Rindow-Math-Matrix employs OpenCL for computational acceleration. The primary reason for choosing OpenCL is its potential to support a diverse range of arithmetic acceleration devices in the future, including not only GPUs but also FPGAs and signal processors. This approach is expected to allow users to benefit from GPU acceleration even on relatively accessible laptop environments.

However, OpenCL support alone is not sufficient to accelerate numerical operations. High-performance computation libraries that utilize OpenCL are also necessary.
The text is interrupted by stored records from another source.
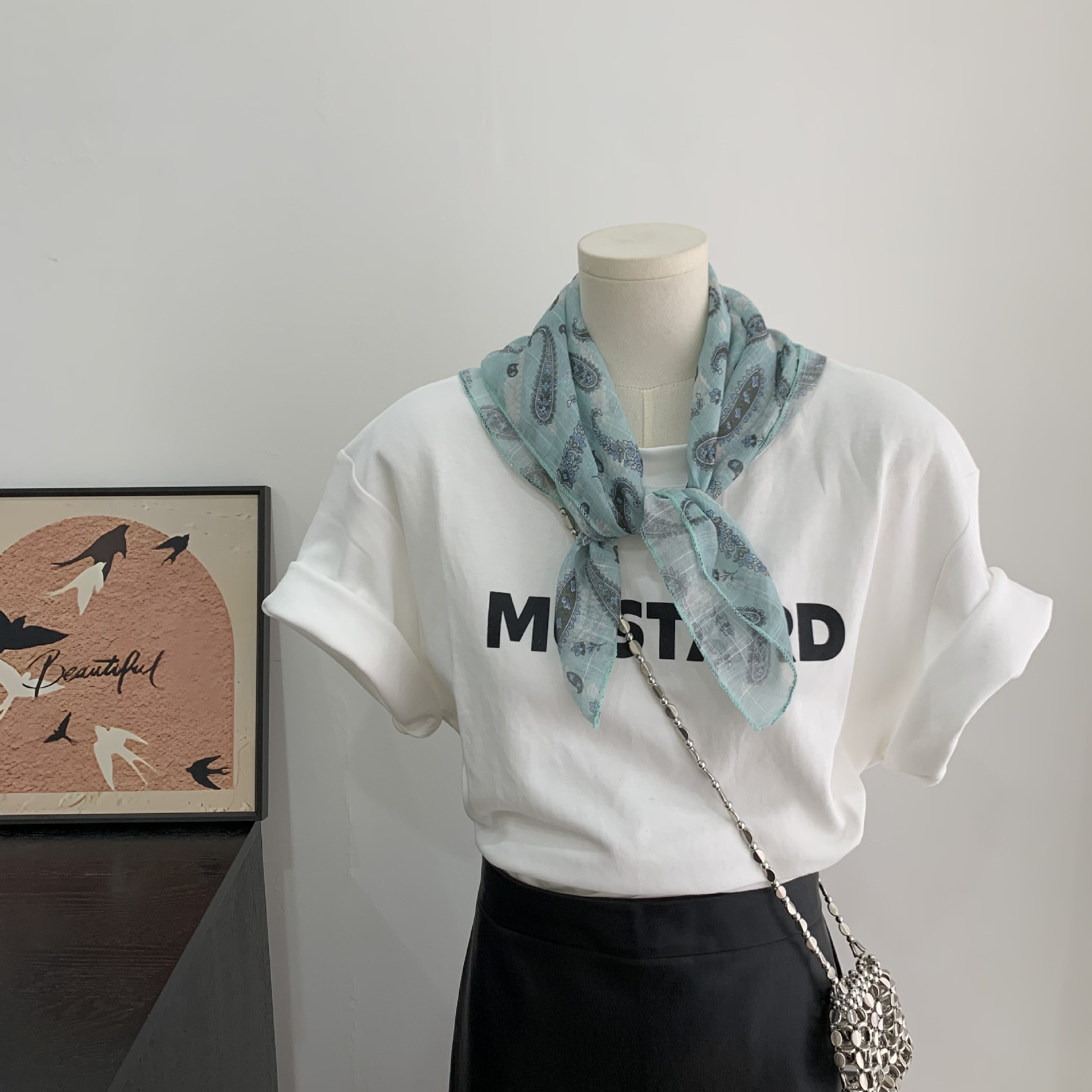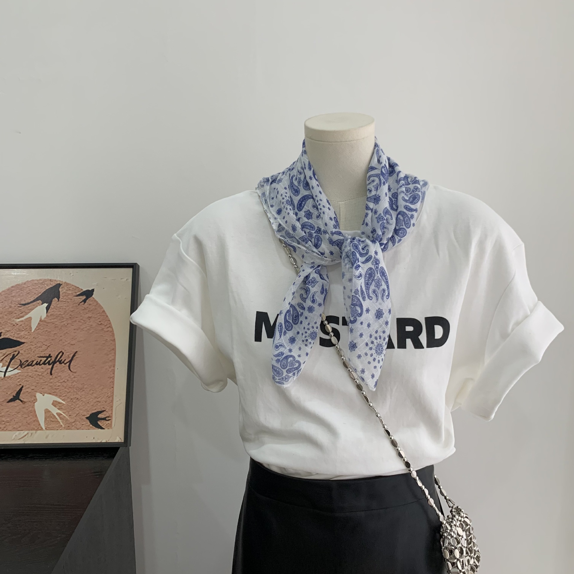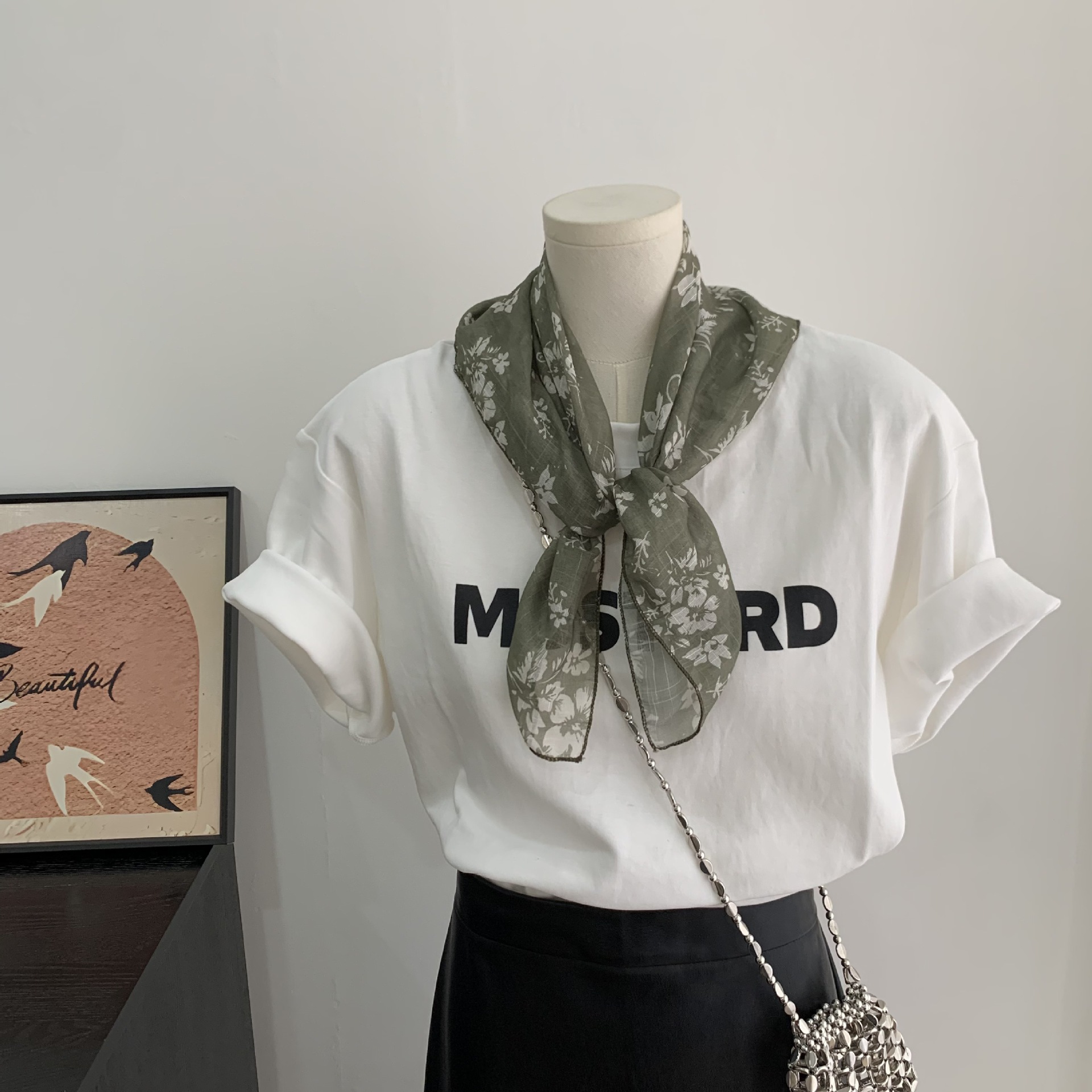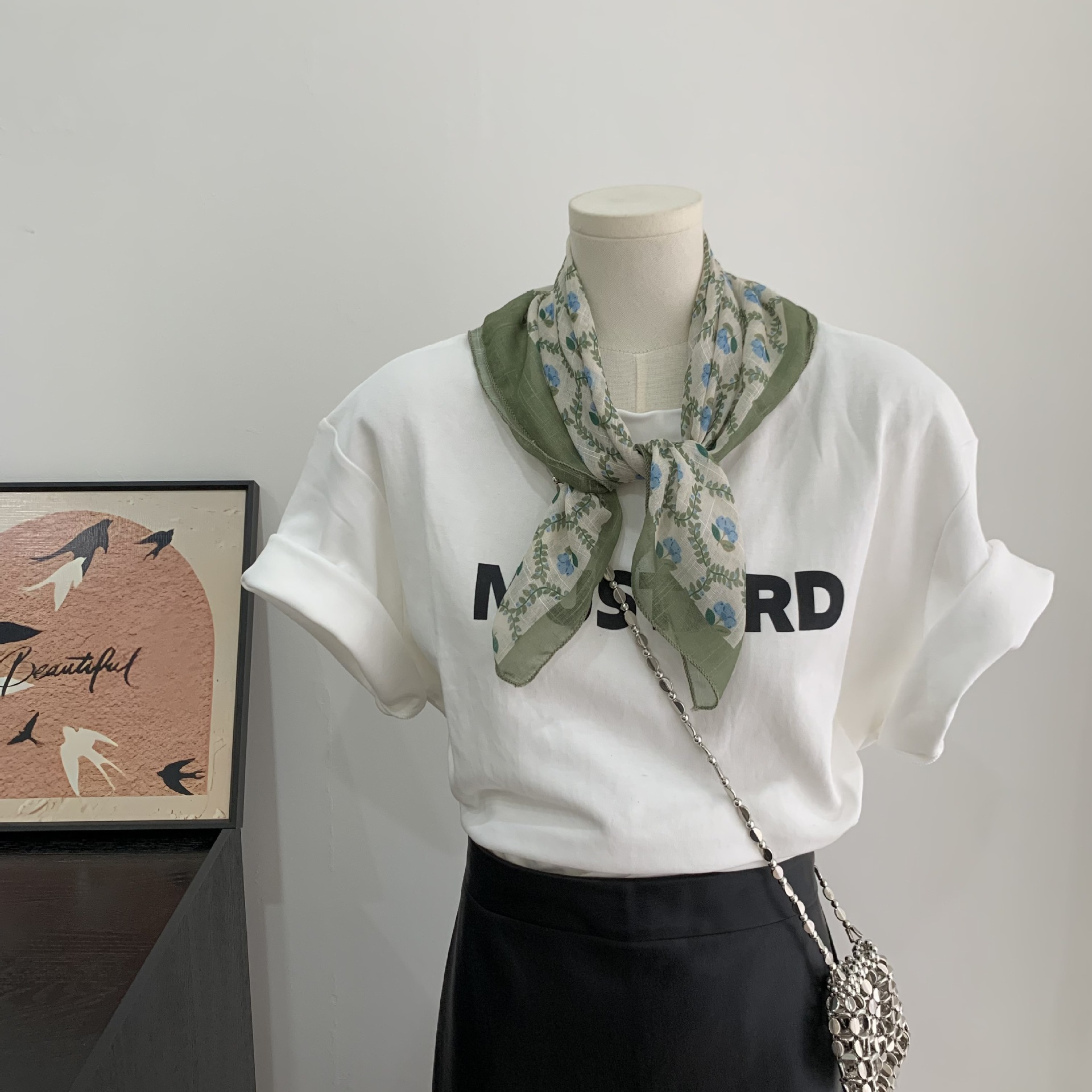 53CM 인터넷 기념 면 및 리넨 꽃 머리 스카프 작은 광장 스카프 여성의 봄과 가을 얇은 스카프 힙 장식 스카프스토어 가기
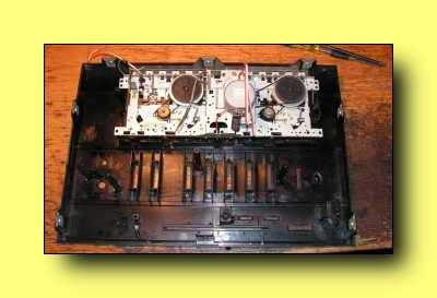 A már korábban említett "skálahúrozás", illetve annak totális hiánya. Itt egy kép a szétszedett, illetve inkább csak kiszedett skálamutatóról. Abszolút funkcionális, nincs benne semmi extra. Nem világít a mutató zölden foszforeszkálva, nincs negyven deka plexi az előlapban, de nincs is benne a sok felesleges csicsa az árban! |
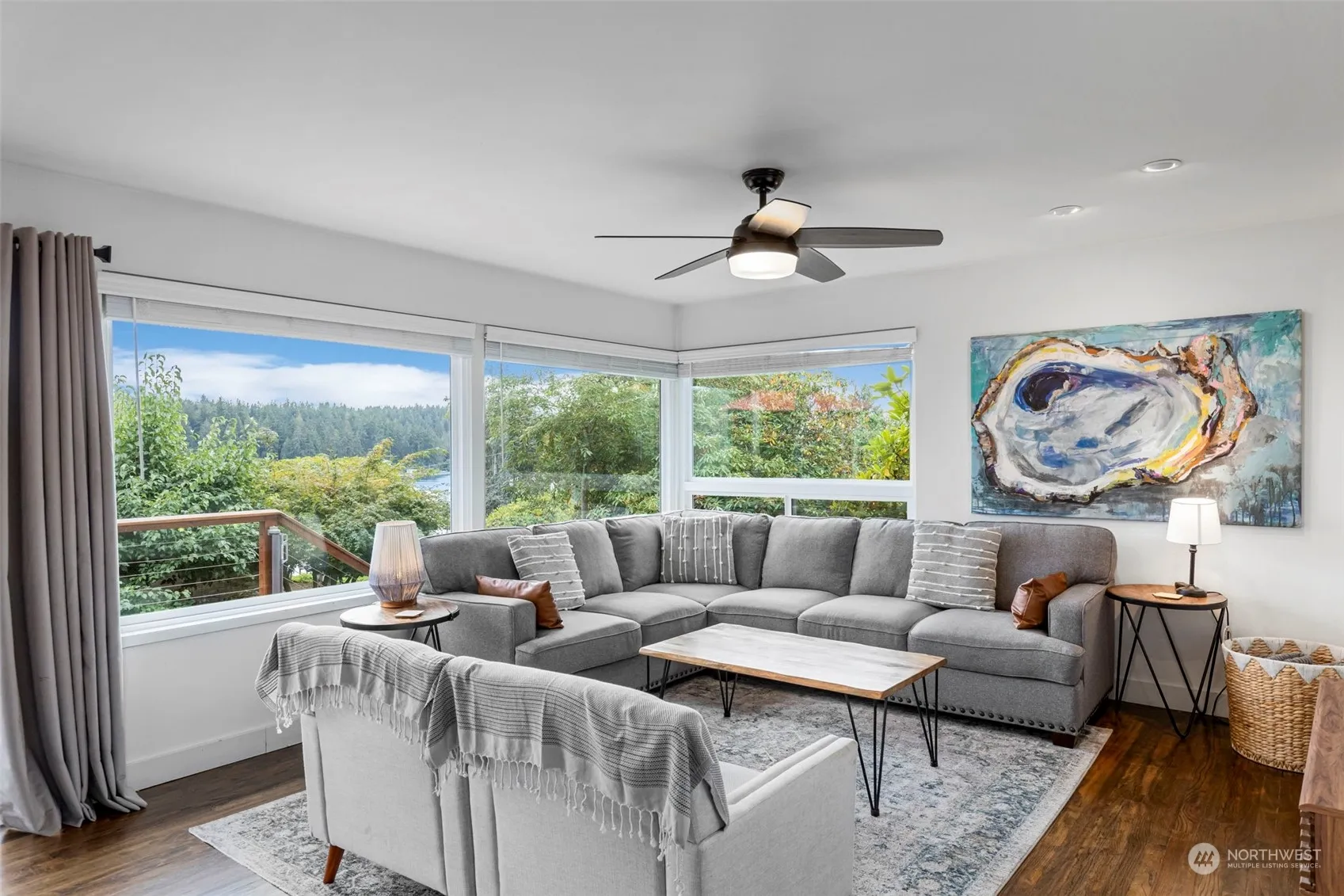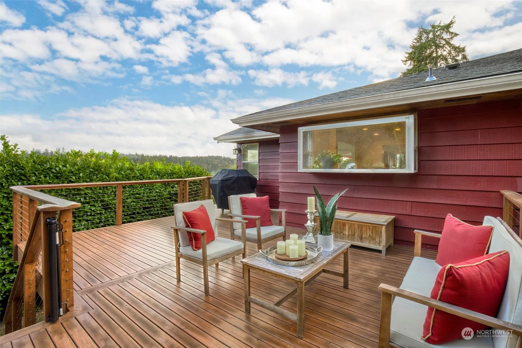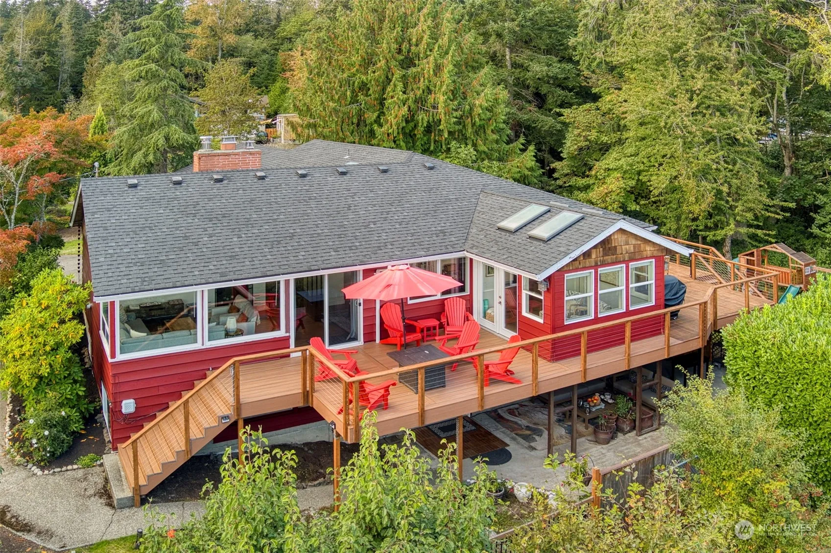Beautiful, sun-drenched, VIEW home that has tremendous flexibility as a either a large single home or investment rental as duplex. Thoughtfully updated home features main floor master, office, hardwoods, sun room, skylights & Southwest exposure overlooking the Sound. Generous outdoor spaces for entertaining, level backyard bordered by woods and expansive deck and patio. Remodeled lower level has new kitchen, bathrooms and separate entrance. Situated in a quiet beach community; 1 block away from a sandy beach, waterfront park, and an athletic court. Home served as successful vacation rental- financials available.

Rindow-Math-Matrix achieves OpenCL-based acceleration by providing the following libraries and features:

CLBlast: An OpenCL-based BLAS (Basic Linear Algebra Subprograms) compatible library that is currently under active development.
Rindow Math Matrix’s custom OpenCL functions: Features that enable the execution of mathematical functions not included in BLAS, as well as other necessary operations, on OpenCL.

Key Components

To realize GPU acceleration, Rindow-Math-Matrix utilizes and provides the following key components:

Rindow OpenCL FFI

This is a library for using OpenCL directly from PHP.

Role: Provides an interface between PHP applications and OpenCL drivers.
Supported OpenCL Versions: Supports OpenCL 1.1 or 1.2, enabling use in a wide range of environments.
Current Status and Future: Currently, it has a minimal set of features primarily intended for use with Rindow’s neural network library, but it is planned to be extended in the future.
Details: Rindow OpenCL FFI (GitHub)

Rindow CLBlast FFI

These are bindings for using CLBlast, a BLAS library that runs on OpenCL, from PHP.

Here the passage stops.